(STORED DATA Opens)

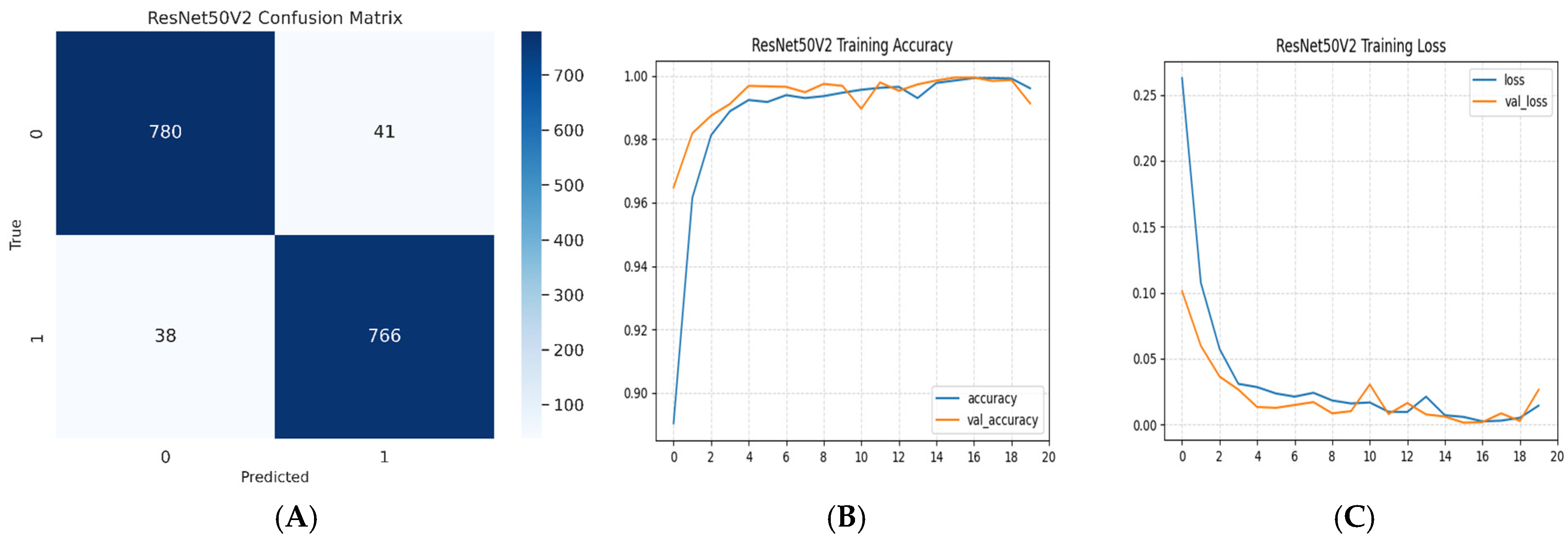 | ResNet50V2 | Conv1 | 7 × 7 | ReLU | MaxPooling (3 × 3, stride 2) | Adam | None | 0.00001 | 1430.79 |
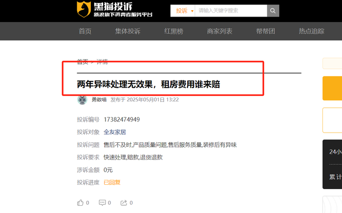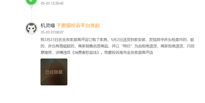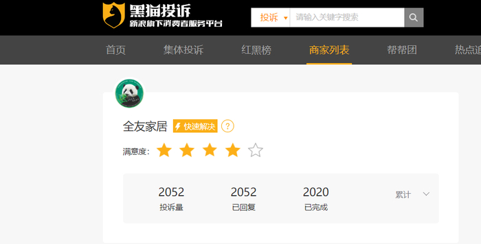 截至5月13日,全友家居在黑猫投诉平台投诉量累计超2000条。
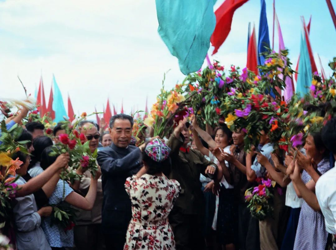 周恩来在新疆乌鲁木齐和各族青年在一起

(STORED DATA Closes)

#### PROBLEM TO WORK ON
Leaving the pictures out, output all of the listing exactly.

#### ANSWER TO THIS EXERCISE
 | ResNet50V2 | Conv1 | 7 × 7 | ReLU | MaxPooling (3 × 3, stride 2) | Adam | None | 0.00001 | 1430.79 |
 截至5月13日,全友家居在黑猫投诉平台投诉量累计超2000条。
 周恩来在新疆乌鲁木齐和各族青年在一起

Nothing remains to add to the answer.